START Provided material
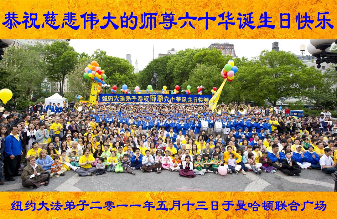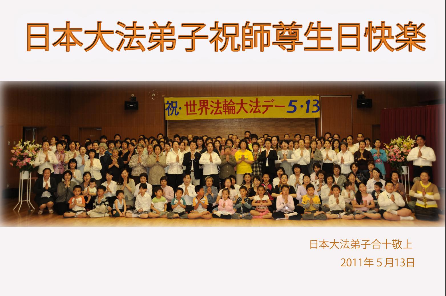 【明慧网二零一一年五月十四日】今年的五月十三日,是第十二届世界法轮大法日,是法轮大法洪传十九周年,是慈悲伟大的李洪志师尊六十华诞。在这普天同庆的节日,世界各地大法弟子发来录像、贺卡和贺词,恭祝师尊生日快乐!感谢师尊对弟子的慈悲救度!
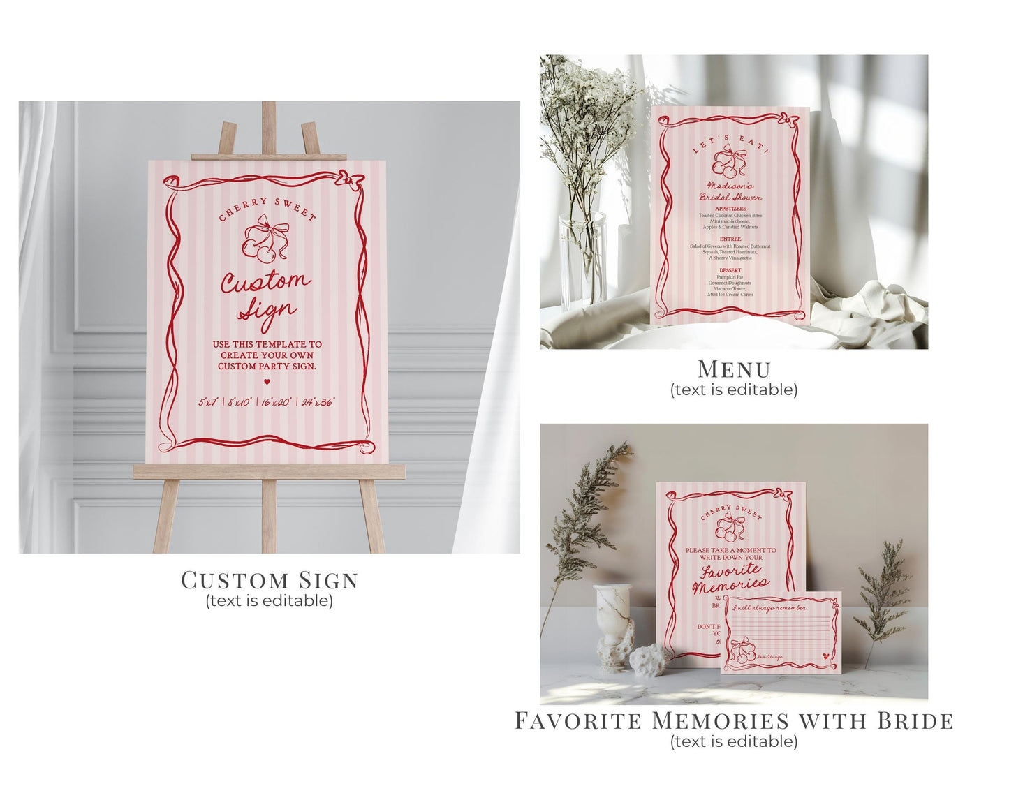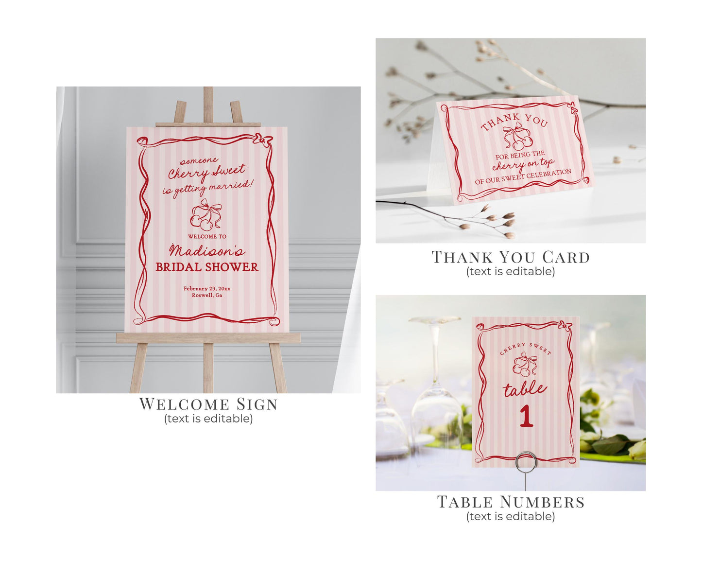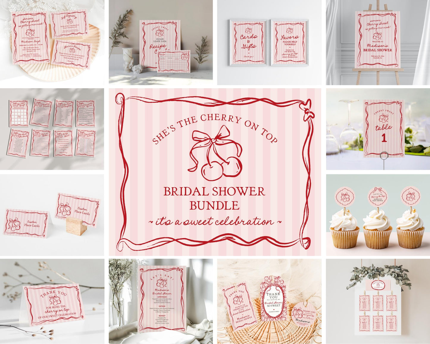 Pink Cherry Coquette Bow Bridal Shower Bundle Template
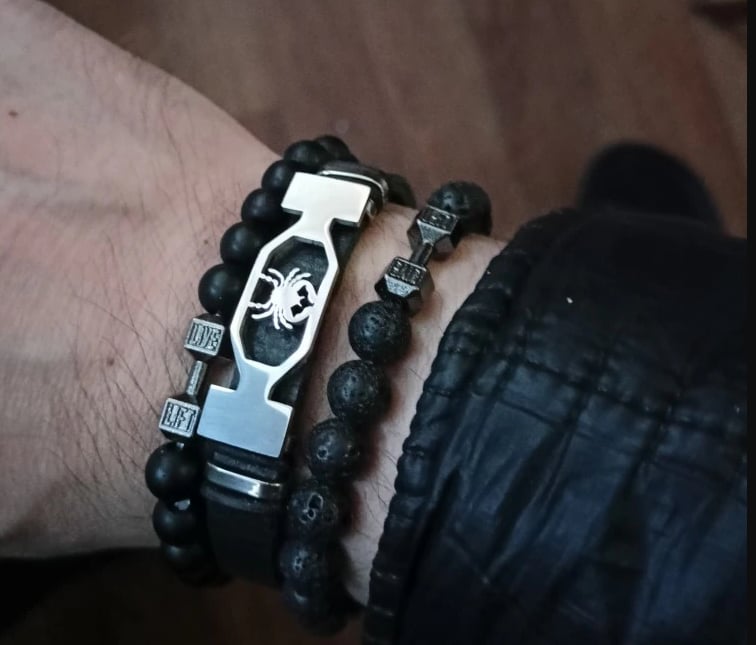 this bracelet is made of black onyx stone, lava stone and alloy dumbbell. Lead-free and nickel-free, fits the skin and is comfortable to wear,Natural Stones, Polished, Pure Handmade, Quality Guarantee.All Natural Stones Are Unique, May Be Slightly Different With The Ones Showing On The Photos.
END Provided material
What is needed is the full material, retyped unchanged, with no pictures in it.

▶ Expected answer:
 【明慧网二零一一年五月十四日】今年的五月十三日,是第十二届世界法轮大法日,是法轮大法洪传十九周年,是慈悲伟大的李洪志师尊六十华诞。在这普天同庆的节日,世界各地大法弟子发来录像、贺卡和贺词,恭祝师尊生日快乐!感谢师尊对弟子的慈悲救度!
 Pink Cherry Coquette Bow Bridal Shower Bundle Template
 this bracelet is made of black onyx stone, lava stone and alloy dumbbell. Lead-free and nickel-free, fits the skin and is comfortable to wear,Natural Stones, Polished, Pure Handmade, Quality Guarantee.All Natural Stones Are Unique, May Be Slightly Different With The Ones Showing On The Photos.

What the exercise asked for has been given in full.